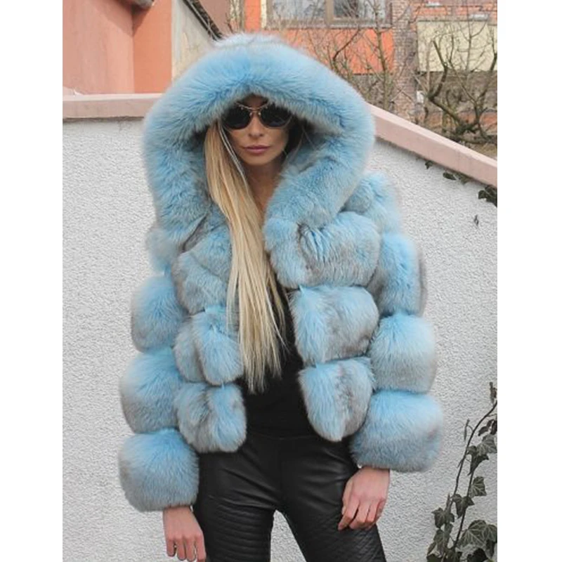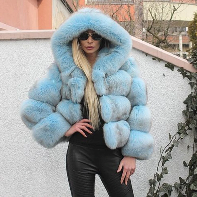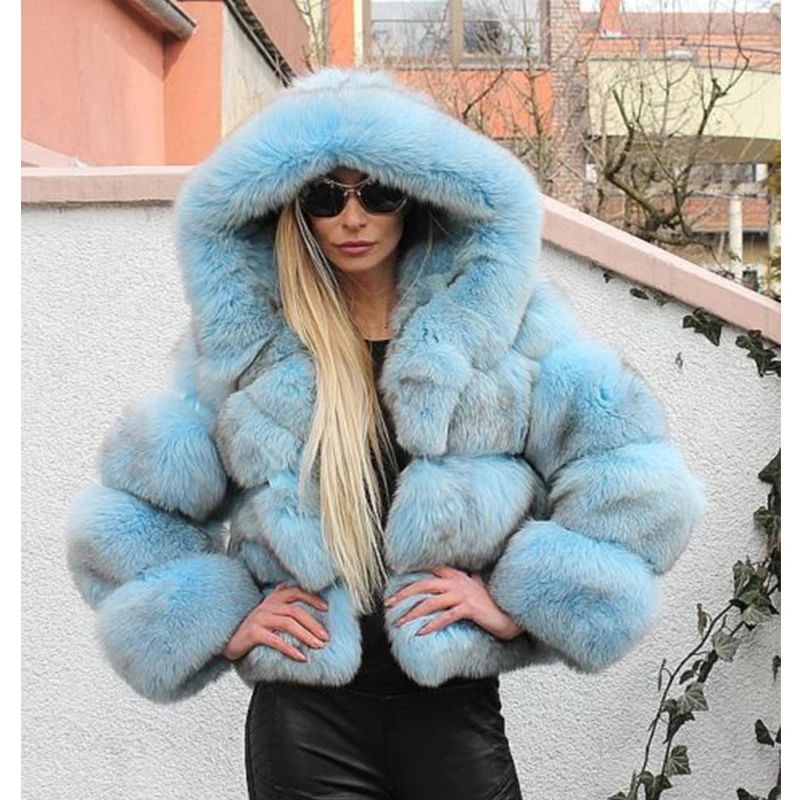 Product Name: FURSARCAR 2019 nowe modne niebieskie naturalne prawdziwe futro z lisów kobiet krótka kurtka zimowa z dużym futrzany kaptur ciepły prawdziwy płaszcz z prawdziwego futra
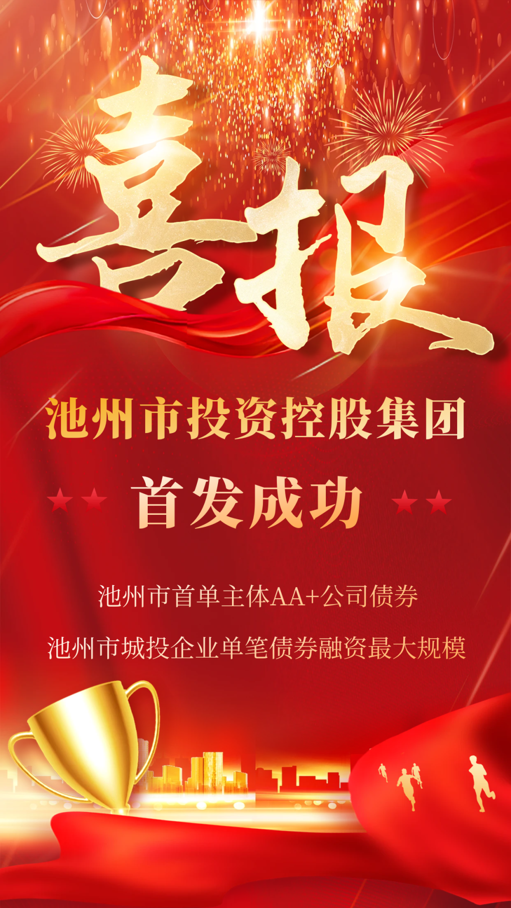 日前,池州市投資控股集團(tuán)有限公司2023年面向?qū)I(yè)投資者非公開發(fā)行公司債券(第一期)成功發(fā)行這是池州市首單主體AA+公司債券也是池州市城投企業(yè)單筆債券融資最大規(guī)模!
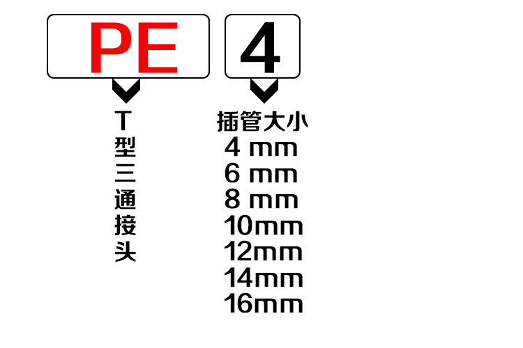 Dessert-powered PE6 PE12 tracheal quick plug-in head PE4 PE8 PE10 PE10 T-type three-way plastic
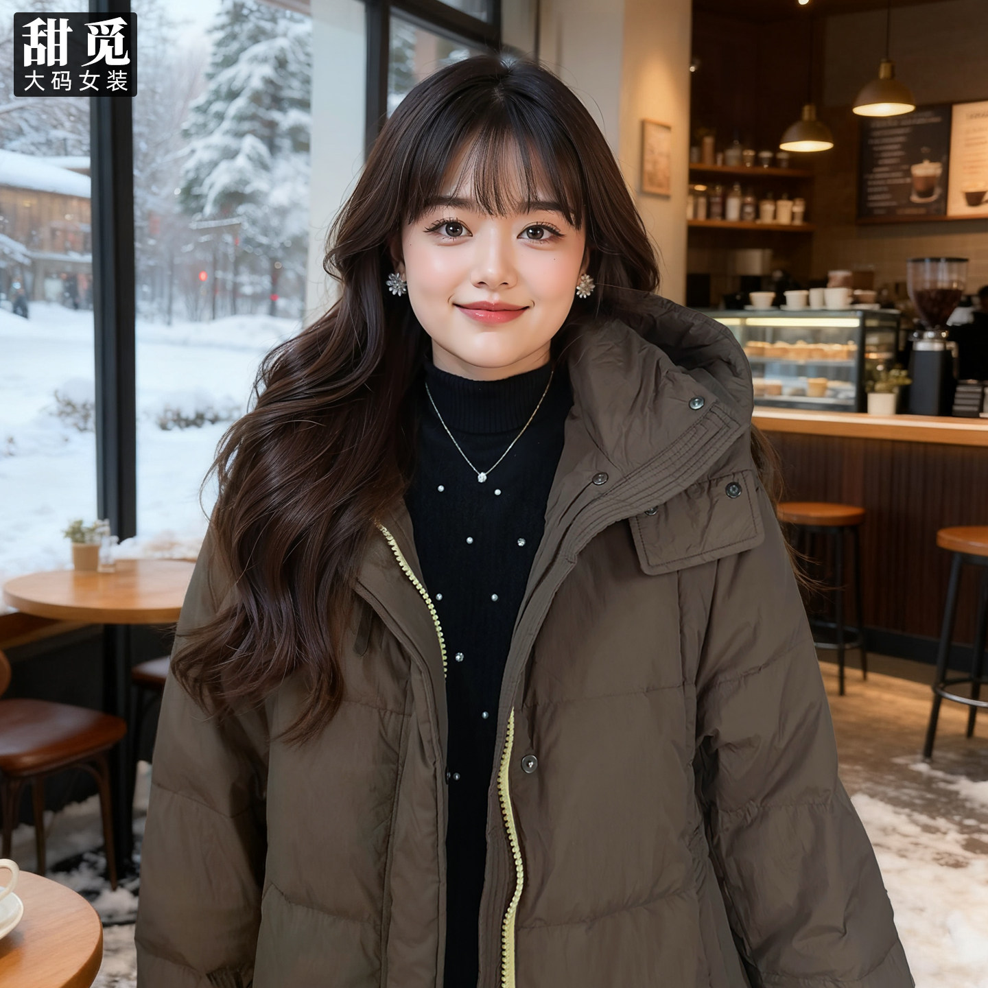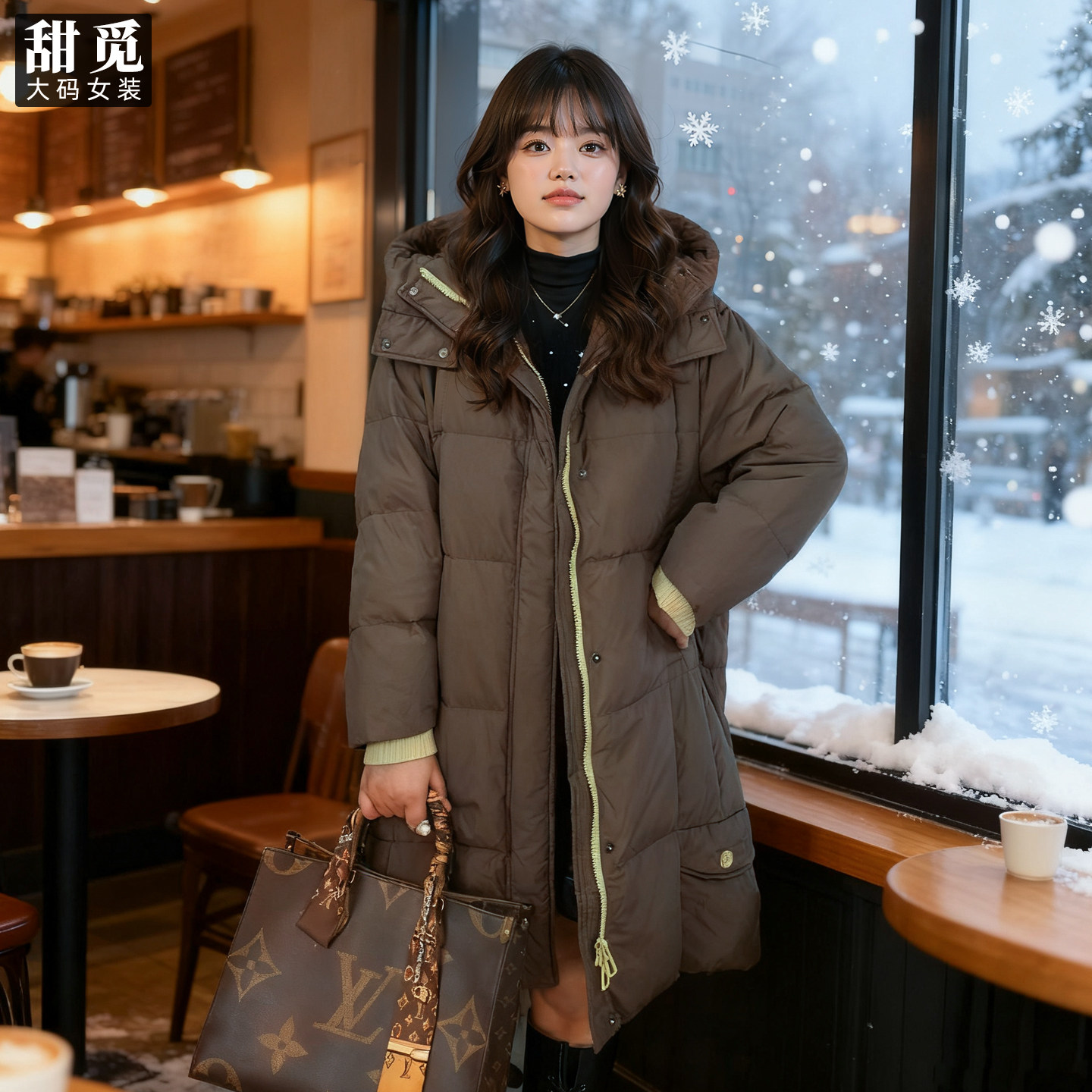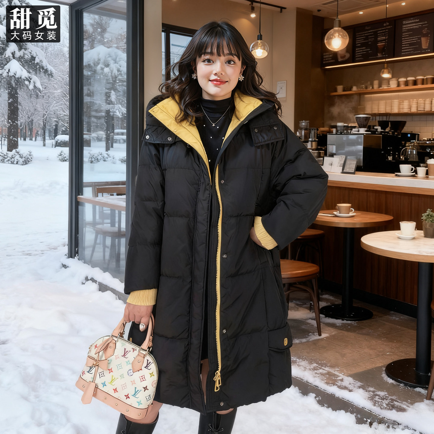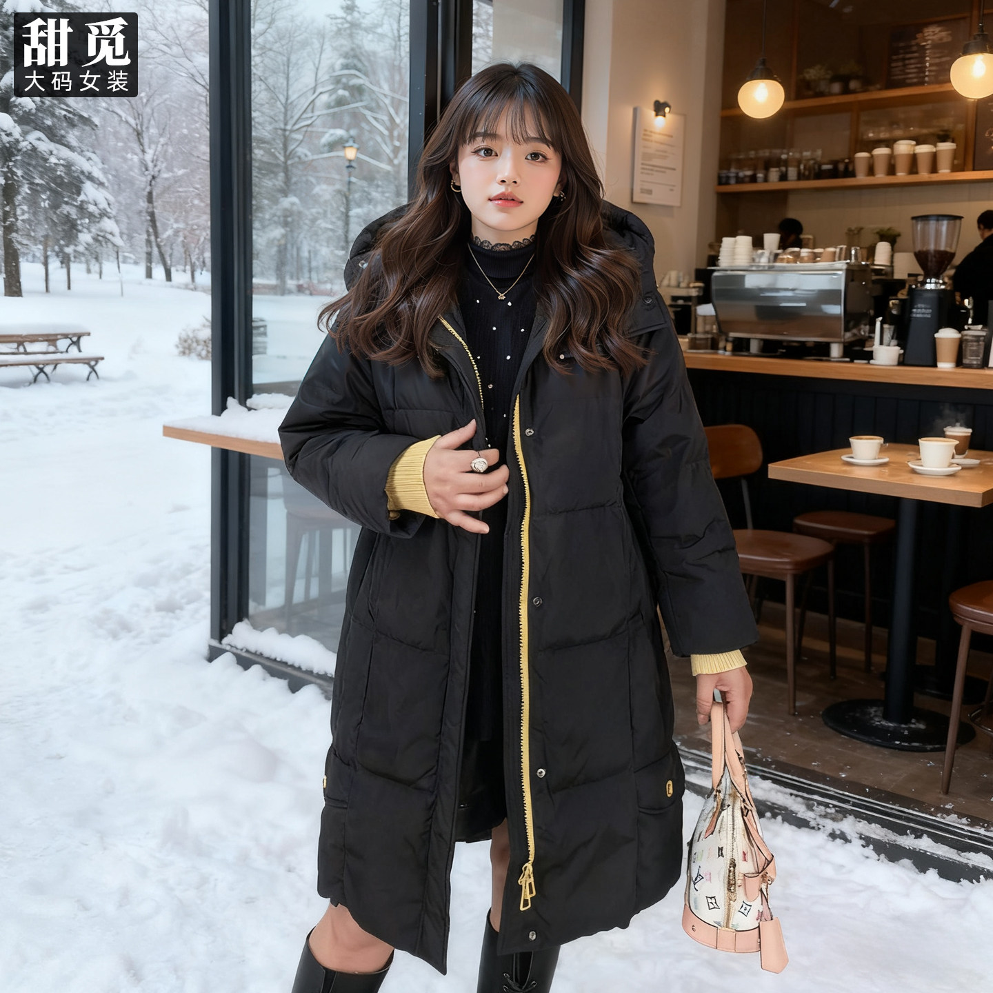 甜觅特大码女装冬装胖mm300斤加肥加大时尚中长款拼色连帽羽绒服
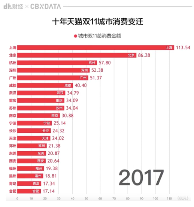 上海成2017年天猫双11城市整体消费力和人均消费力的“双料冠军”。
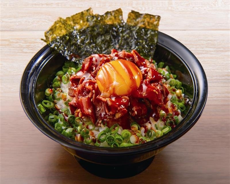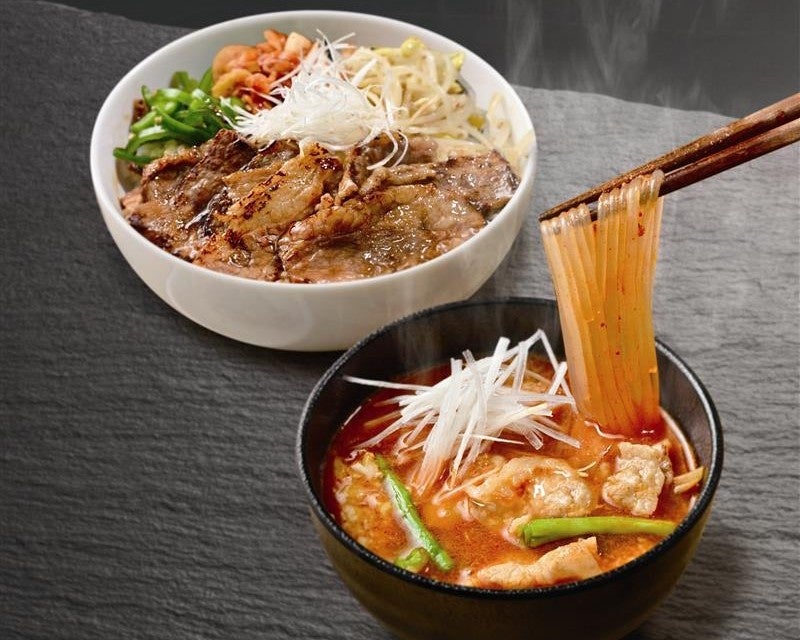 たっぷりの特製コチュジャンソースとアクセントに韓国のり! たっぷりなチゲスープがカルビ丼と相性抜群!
==================================================
* **What this task involves**: Print the listing exactly, but skip its pictures.

* **Result for this task**:
 Product Name: FURSARCAR 2019 nowe modne niebieskie naturalne prawdziwe futro z lisów kobiet krótka kurtka zimowa z dużym futrzany kaptur ciepły prawdziwy płaszcz z prawdziwego futra
 日前,池州市投資控股集團(tuán)有限公司2023年面向?qū)I(yè)投資者非公開發(fā)行公司債券(第一期)成功發(fā)行這是池州市首單主體AA+公司債券也是池州市城投企業(yè)單筆債券融資最大規(guī)模!
 Dessert-powered PE6 PE12 tracheal quick plug-in head PE4 PE8 PE10 PE10 T-type three-way plastic
 甜觅特大码女装冬装胖mm300斤加肥加大时尚中长款拼色连帽羽绒服
 上海成2017年天猫双11城市整体消费力和人均消费力的“双料冠军”。
 たっぷりの特製コチュジャンソースとアクセントに韓国のり! たっぷりなチゲスープがカルビ丼と相性抜群!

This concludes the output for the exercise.